RLHF is the dominant paradigm for LLM alignment, in which a reward model (RM) serves as a proxy for human preferences to guide policy optimization. A typical RM consists of an LLM with a scalar value head that outputs a scalar reward score for a given input–response pair. However, the accuracy, reliability, and interpretability of the RM directly affect the alignment quality of downstream models.

Limitations of Prior Work¶

Lack of interpretability: The scalar reward signal is inherently opaque; it cannot explain why a particular response receives a high or low score. This makes it difficult to verify whether the model is genuinely aligned with human values or merely exploiting spurious correlations in the training data.

Inflexible preference steering: Once trained, a conventional RM is static and cannot dynamically adapt to changing user preferences. This rigidity, compounded by opacity, severely limits practical applicability.
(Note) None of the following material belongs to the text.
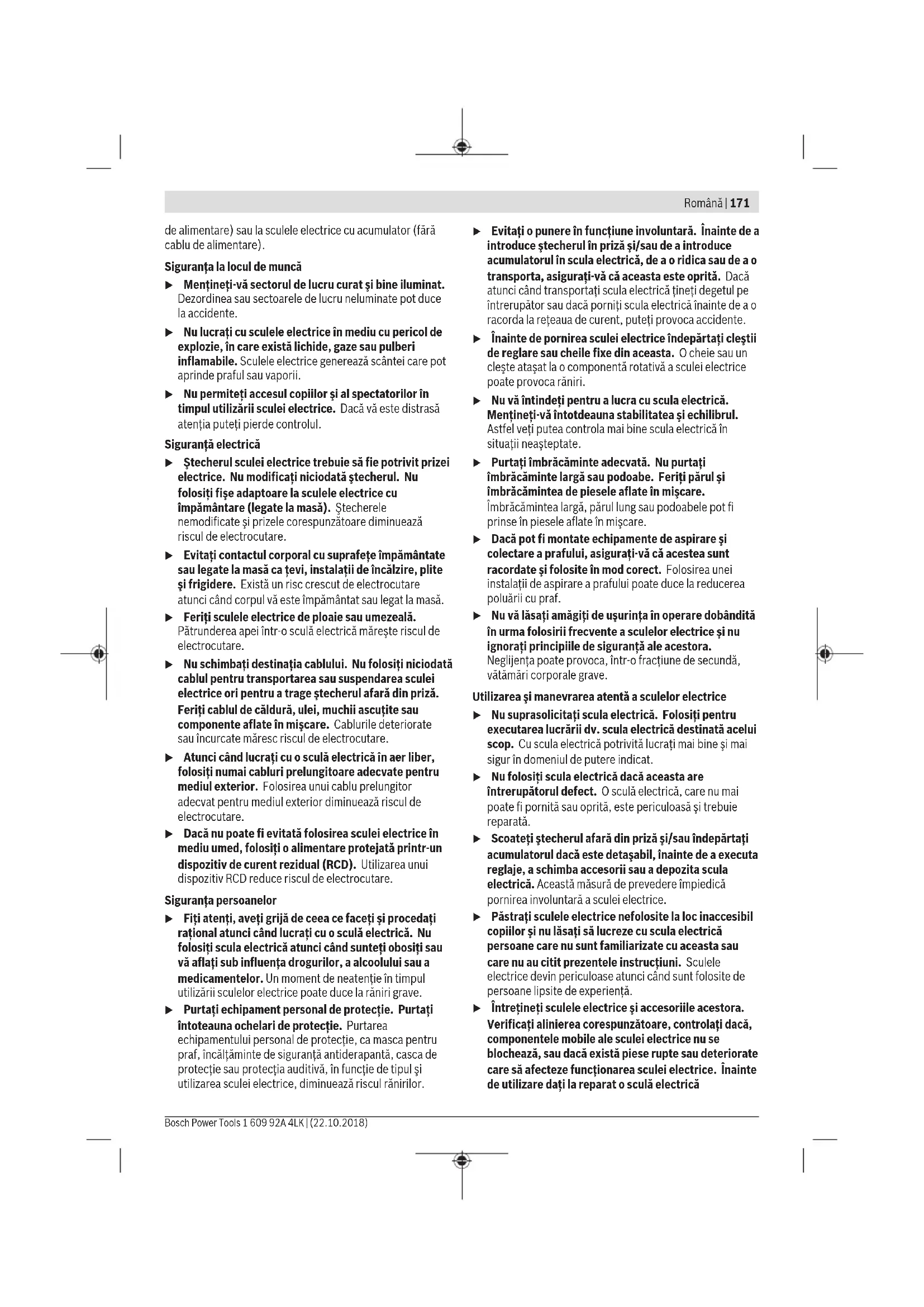 Бұл литий-иондық аккумуляторлар қауіпті тауарларға қойылатын талаптарға сай болуы керек. Пайдаланушы аккумуляторларды көшеде қосымша құжаттарсыз тасымалдай алады. Үшінші тұлғалар (мысалы, әуе көлігі немесе жіберу) орамаға және маркаларға қойылатын арнайы талаптарды сақтау керек. Жіберуге дайындау кезінде қауіпті жүктерді тасымалдау маманымен хабарласу керек. Аккумуляторды корпусы зақымдалған болса ғана жіберіңіз. Ашық түйіспелерді желімдеңіз және аккумуляторды орамада қозғалмайтындай ораңыз. Қажет болса, қосымша ұлттық ережелерді сақтаңыз. Кәдеге жарату Электр құралдарды, аккумуляторларды, керек-жарақтарды және орау материалдарын экологиялық тұрғыдан дұрыс утилизациялауға тапсыру керек. Электр құралдарды және аккумуляторларды/батареяларды үй қоқысына тастамаңыз! Тек қана ЕО елдері үшін: Еуропа 2012/19/EU ережесі бойынша жарамсыз электр құралдары және Еуропа 2006/66/EC ережесі бойынша зақымдалған немесе ескі аккумулятор/батареялар бөлек жиналып кәдеге жаратылуы қажет. Аккумуляторлар/батареялар: Литий-иондық: Тасымалдау бөліміндегі нұсқауларды орындаңыз (қараңыз „Тасымалдау“, Бет170). Română Instrucţiuni de siguranţă Instrucţiuni generale de siguranţă pentru scule electrice AVERTISMENT Citiţi toate avertizările, instrucţiunile, ilustraţiile şi specificaţiile puse la dispoziţie împreună cu această sculă electrică. Nerespectarea instrucţiunilor menţionate mai jos poate duce la electrocutare, incendiu şi/sau vătămări corporale grave. Păstraţi toate indicaţiile de avertizare şi instrucţiunile în vederea utilizărilor viitoare. Termenul "sculă electrică" folosit în indicaţiile de avertizare se referă la sculele electrice alimentate de la reţea (cu cablude alimentare) sau la sculele electrice cu acumulator (fără cablu de alimentare). Siguranţa la locul de muncă u Menţineţi‑vă sectorul de lucru curat şi bine iluminat. Dezordinea sau sectoarele de lucru neluminate pot duce la accidente. u Nu lucraţi cu sculele electrice în mediu cu pericol de explozie, în care există lichide, gaze sau pulberi inflamabile. Sculele electrice generează scântei care pot aprinde praful sau vaporii. u Nu permiteţi accesul copiilor şi al spectatorilor în timpul utilizării sculei electrice. Dacă vă este distrasă atenţia puteţi pierde controlul. Siguranţă electrică u Ştecherul sculei electrice trebuie să fie potrivit prizei electrice. Nu modificaţi niciodată ştecherul. Nu folosiţi fişe adaptoare la sculele electrice cu împământare (legate la masă). Ştecherele nemodificate şi prizele corespunzătoare diminuează riscul de electrocutare. u Evitaţi contactul corporal cu suprafeţe împământate sau legate la masă ca ţevi, instalaţii de încălzire, plite şi frigidere. Există un risc crescut de electrocutare atunci când corpul vă este împământat sau legat la masă. u Feriţi sculele electrice de ploaie sau umezeală. Pătrunderea apei într‑o sculă electrică măreşte riscul de electrocutare. u Nu schimbaţi destinaţia cablului. Nu folosiţi niciodată cablul pentru transportarea sau suspendarea sculei electrice ori pentru a trage ştecherul afară din priză. Feriţi cablul de căldură, ulei, muchii ascuţite sau componente aflate în mişcare. Cablurile deteriorate sau încurcate măresc riscul de electrocutare. u Atunci când lucraţi cu o sculă electrică în aer liber, folosiţi numai cabluri prelungitoare adecvate pentru mediul exterior. Folosirea unui cablu prelungitor adecvat pentru mediul exterior diminuează riscul de electrocutare. u Dacă nu poate fi evitată folosirea sculei electrice în mediu umed, folosiţi o alimentare protejată printr-un dispozitiv de curent rezidual (RCD). Utilizarea unui dispozitiv RCD reduce riscul de electrocutare. Siguranţa persoanelor u Fiţi atenţi, aveţi grijă de ceea ce faceţi şi procedaţi raţional atunci când lucraţi cu o sculă electrică. Nu folosiţi scula electrică atunci când sunteţi obosiţi sau vă aflaţi sub influenţa drogurilor, a alcoolului sau a medicamentelor. Un moment de neatenţie în timpul utilizării sculelor electrice poate duce la răniri grave. u Purtaţi echipament personal de protecţie. Purtaţi întoteauna ochelari de protecţie. Purtarea echipamentului personal de protecţie, ca masca pentru praf, încălţăminte de siguranţă antiderapantă, casca de protecţie sau protecţia auditivă, în funcţie de tipul şi utilizarea sculei electrice, diminuează riscul rănirilor. u Evitaţi o punere în funcţiune involuntară. Înainte de a introduce ştecherul în priză şi/sau de a introduce acumulatorul în scula electrică, de a o ridica sau de a o transporta, asiguraţi‑vă că aceasta este oprită. Dacă atunci când transportaţi scula electrică ţineţi degetul pe întrerupător sau dacă porniţi scula electrică înainte de a o racorda la reţeaua de curent, puteţi provoca accidente. u Înainte de pornirea sculei electrice îndepărtaţi cleştii de reglare sau cheile fixe din aceasta. O cheie sau un cleşte ataşat la o

Attempts at Multi-Dimensional RMs and Their Shortcomings¶

Prior work (e.g., ArmoRM, HelpSteer2) has explored multi-dimensional reward modeling to improve interpretability: regression layers are trained on annotated multi-dimensional data (e.g., helpfulness and verbosity scores) to produce multi-dimensional scores that are then aggregated via weighted summation. However, two key limitations remain:

Absence of feature-level interpretability: Each dimension is itself opaque, making it impossible to attribute decisions to interpretable features.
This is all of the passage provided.